Carlos, desde el lecho, ordena con un hilo de voz que los saquen de allí. Lo que tenga que decirle a Dios se lo dirá muy pronto y a la cara, aunque confía en que Dios también le explique unas cuantas cosas…

Todo el salón está lleno de los preciosos objetos que ha ido acumulando a lo largo de los años: los tapices con las historias de los reyes de Bretaña, los ajedreces hechos en madera y hueso, los libros mil y una veces leídos mientras estuvo cautivo, las armaduras con las que justó en los torneos y peleó en las batallas, las cartas de las mujeres que le amaron, y el cuerno de unicornio, cuyo color varió del blanco purísimo al negro más profundo cuando Carlos bebió del vino del Priorat que su madrastra le envió como regalo pacificador. Pero ahora, ya casi sin tiempo para reposar la vista en una sola de aquellas maravillas, sólo pide que le acerquen el anteojo que compró en Sicilia, y aunque mucho le ruegan que no se levante, viste sus mejores galas antes de desplomarse en una silla que tiene tallado en su respaldo el triple lazo, símbolo de los reyes de Navarra…

No suelta el catalejo mientras los criados resoplan para cumplir su mandato: que le suban con silla y todo al piso más elevado de la torre que corona el palacio. Todos creen que el pobre manifiesta ya los delirios previos a la muerte, pero él sabe muy bien lo que busca…

Busca el mar. Las azules aguas que se extienden más allá de la ciudad, y que desde aquella atalaya se pueden contemplar, por encima de las torres de la catedral, de las del muy bello templo de Santa María y de los mástiles más altos de las naos atracadas en el puerto. El mismo mar que él recorrió de este a oeste hace tanto y tan poco tiempo a la vez. Nápoles, Palermo, Monreale, Cagliari, Mallorca y por fin, Barcelona, allí donde todo va a terminar…

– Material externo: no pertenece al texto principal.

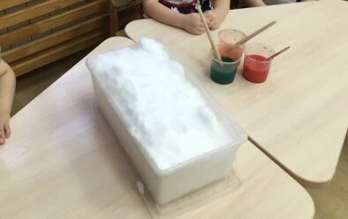 Особое значение для развития личности дошкольника имеет усвоение им представлений о взаимосвязи природы и человека. Овладение способами практического взаимодействия с окружающей средой помогает развивать познавательный интерес ребенка, его мышление, творчество, умение логически мыслить и обобщать. Существенную роль в этом направлении играют эксперименты, которые легко провести с детьми. Простейшие опыты со снегом и льдом чем-то напоминают ребенку фокусы, главное – дать маленькому человечку возможность все сделать самому. Для эксперимента нам понадобилась емкость для снега. Краски оранжевого, красного и зеленого цвета, кисточки, снег. Сначала мы с детьми определили цвет снега. Затем каждый ребенок брал снег и смотрел на то, как он тает на ладошке и превращается в воду. Таким образом подвели детей к тому, что снег холодный, а ладошка теплая - поэтому снег тает, снег белый, а вода прозрачная. Затем мы окрашивали снег в разные цвета. Вывод: снег рыхлый и поэтому впитыва

Se incorpora para apoyarse pesadamente en la almena, y gradúa trabajosamente las lentes, casi incapaz de luchar ya contra el velo de muerte que nubla su mirada. Pero a pesar de ello observa el mar con la determinación de quien conoce su destino, revisando ansioso desde levante hasta poniente, hasta que logra distinguirla allí al fondo: tan morena y hermosa como cuando la conoció hace dos años, en las playas de Cerdeña…

Sí, es ella. Sus brazos emergen de entre las aguas para indicarle que le espera, que ha venido para cumplir la palabra que le dio hace dos años. Los últimos rayos del sol se reflejan en el sello real de Navarra que lleva colgado al cuello, y el príncipe devuelve la señal con el cristal de aumento que le ha permitido verla por última vez.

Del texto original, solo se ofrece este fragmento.